── Task material ──
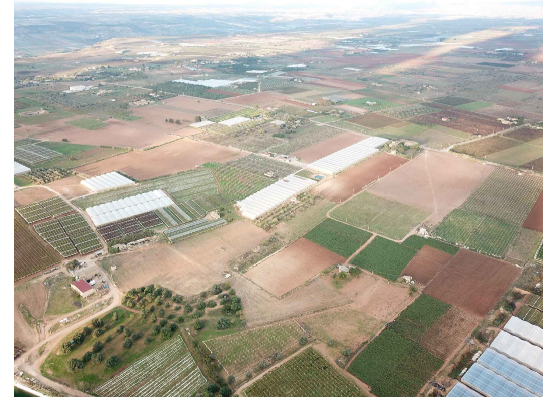
Punto di ripresa n°3 ante operam
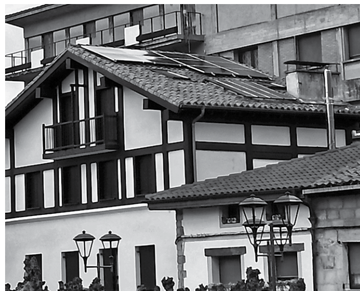
Plaka fotovoltaikoak Olatzagutiako etxe batean.

"PREZIOAREN %40-50-A AURREZTU DEZAKEGU PLAKA FOTOVOLTAIKOAK JARRIZ"
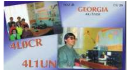
6 - Kutaisi ( Iméréthie )
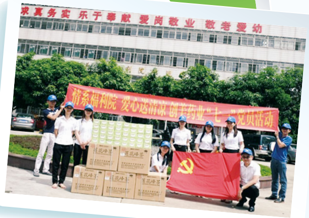
情系福利院，愛心送清涼

2016年7月1日，為慶祝中國共產黨成立95周年，創美藥業黨支部自發組織黨員為汕頭市福利院的老人與兒童們送上蓮花峰茶等清涼解暑物資，並打掃福利院，為他們創造整潔、衛生的生活環境，用實際行動向黨的生日獻禮，實踐「創造健康美好生活」的企業使命。
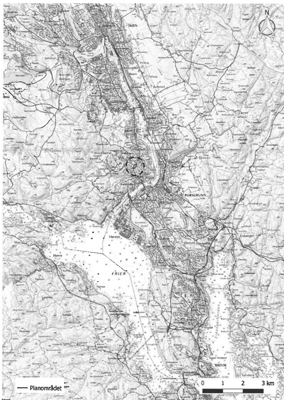
Figur 1. Planområdet ligger nordvest i Porsgrunn kommune, rett ved grensa til Skien.

Det er fra tidligere kjent automatisk fredete kulturminner i nærhet til planområdet, blant annet flere gravminner fra jernalder.
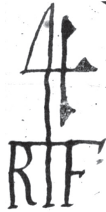
Рис. 3. Торговий знак Роберта Форбса (Robert Forbes) із символом «4» та його ініціалами. Варіант 1
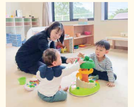
▲友だちや先生との関わりが成長につながります (高瀬中央保育所)
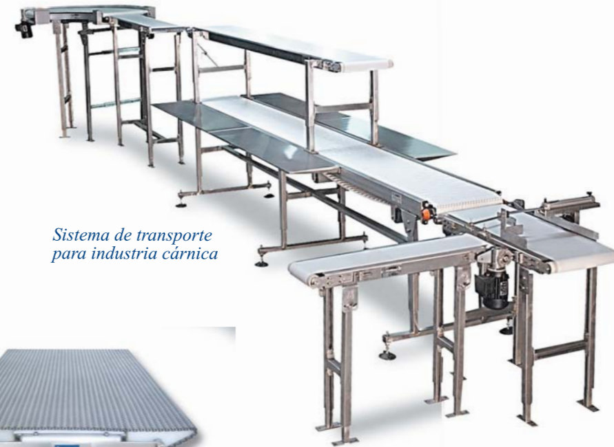
Sistema de transporte para industria cárnica
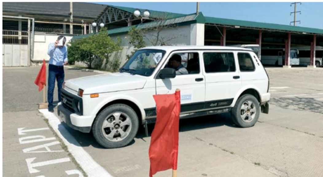
Практическая часть конкурса «Лучший водитель легкового автомобиля – 2023»

В есенняя серия корпоративных конкурсов профессионального мастерства на звание «Лучший» завершена. Об итогах некоторых из них мы расскажем в этом материале.
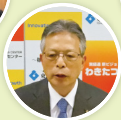
海輪東北経済連合会会長
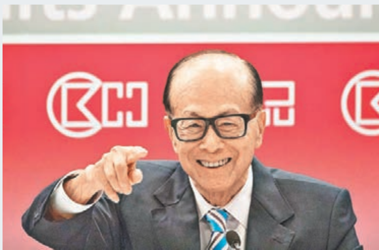
市傳李嘉誠計劃將和記電訊旗下從事固網業務的和記環球電訊出售。資料圖片

香港文匯報訊(記者 蔡競文、梁悅琴)剛於上周股東大會說過「香港市場細，難以再大幅增加在香港投資」的香港首富李嘉誠，昨傳出他計劃將和記電訊(0215)旗下從事固網業務的和記環球電訊(HGC)出售的消息，預計作價逾10億美元(約78億港元)。長和發言人昨表示對市場傳聞不作評論。
───
• [Action item]
Among the entries above, the lines between the ones containing "Figur 1. Planområdet" and "Det er fra tidligere", inclusive, are to be transcribed exactly. No other line is to be given.

• [Solution to the exercise]
Figur 1. Planområdet ligger nordvest i Porsgrunn kommune, rett ved grensa til Skien.

Det er fra tidligere kjent automatisk fredete kulturminner i nærhet til planområdet, blant annet flere gravminner fra jernalder.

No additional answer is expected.